Notably, the serum XAGE-1b mRNA is a more sensitive marker
for HCC when compared to serum AFP and its specificity is increased
when combined with serum AFP. Those findings strongly indicate that
XAGE-1b is a potential diagnostic biomarker to differentiate
HCC from chronic liver disease and benign liver tumors.
XAGE-1b was shown to be a risk factor
affecting PVTT, TNM staging and the 1-year recurrence. PVTT in HCC
patients is a well-known major complication that is correlated with
a poor prognosis (22). The
patients with PVTT or higher TNM stages (II~IV) were found to be
more likely to have increased XAGE-1b mRNA levels.

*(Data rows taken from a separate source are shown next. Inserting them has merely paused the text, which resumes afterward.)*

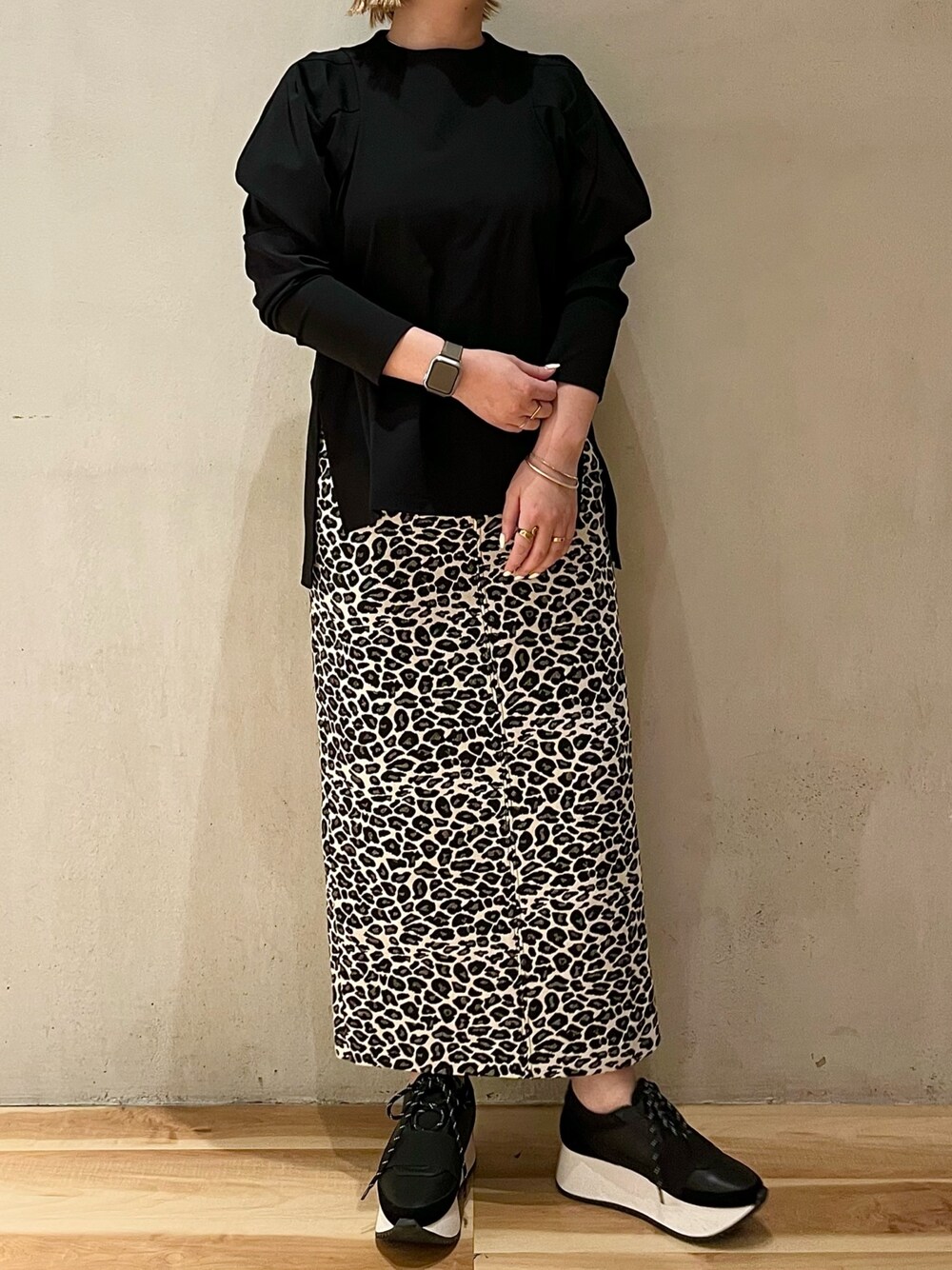 《秋のモードスタイル》 【トップス】 キレイめのジャージー素材のトップス。カジュアルになりがちなカットソーも、ショルダー部分の繊細なデザインでモードな印象に♡柔らかい生地で着心地さらさら。季節の変わり目にストレスフリーでお召しいただける1枚です!お丈もお尻が隠れるくらいで安心◎インスタイルもオススメ✨ 【スカート】 柄違いのタイトスカート。着用のオフホワイトはELENDEEKお得意のレオパード柄◎しっかりめのジャガード素材で高級感があります☺️タイトスカートですが、ウエストの後ろがゴムになっており、履き心地もらくらく。後ろにスリットもあるので窮屈感無し☝️✨155cm02サイズ着用。くるぶしが隠れるくらいのお丈です! 【スニーカー】 存在感のある厚底スニーカーはスタイリングを選ばない優秀アイテム◎私は23.5cmで02サイズがジャストですが、スニーカーの甲の部分が薄めなのでゆったり履かれたい方は1サイズ上げてお選びいただくと安心です☺️厚底ですが安定感があり履き心地抜群!とっても軽いのでアクティブなおでかけにも安心です🤍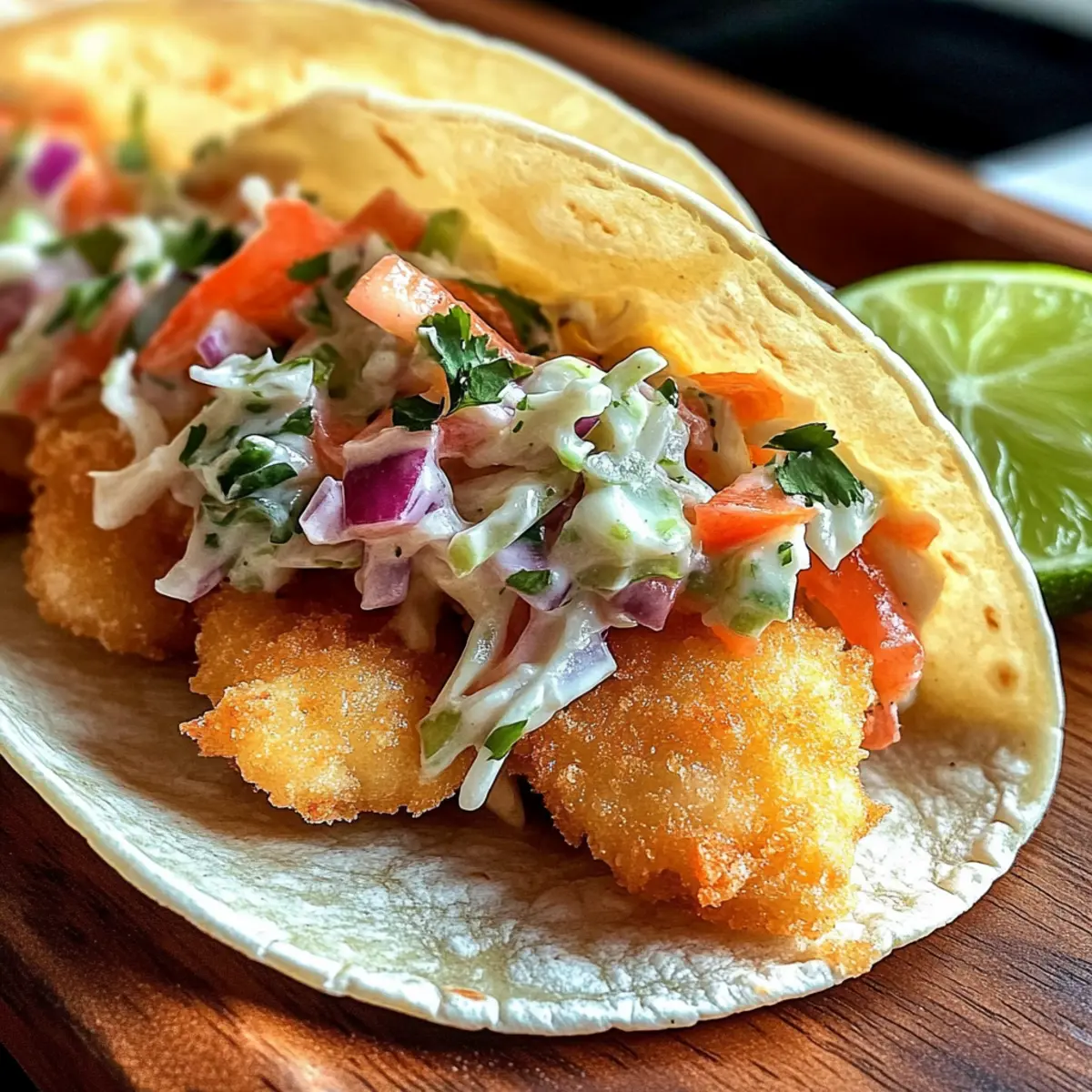 Serve your crispy fish tacos with fresh lime wedges on the side for an extra splash of citrus. This not only elevates the dish but also allows your guests to customize their tacos to their preference. Gather around the table and dive into these delicious tacos, celebrating the wonderful textures and flavors that make them a standout meal at any gathering!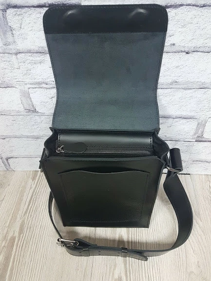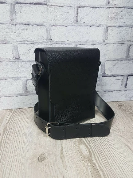 который на скрытых магнитах. Имеет широкий кожаный плечевой ремень,

Additionally, the recurrence rates at 1 year in patients with
XAGE-1b overexpression and underexpression (73.3% and 28.6%,
respectively) indicated that HCC recurrence is more likely to occur
in patients with overexpressed XAGE-1b. Thus, these findings
strongly suggest that XAGE-1b is associated with the
aggressive biological behavior of HCC cells and may be an indicator
of poor prognosis. However, no differences were found between the
two groups and the 3-year recurrence rate. The prognostic value
appears limited due to the limited number of studied patients.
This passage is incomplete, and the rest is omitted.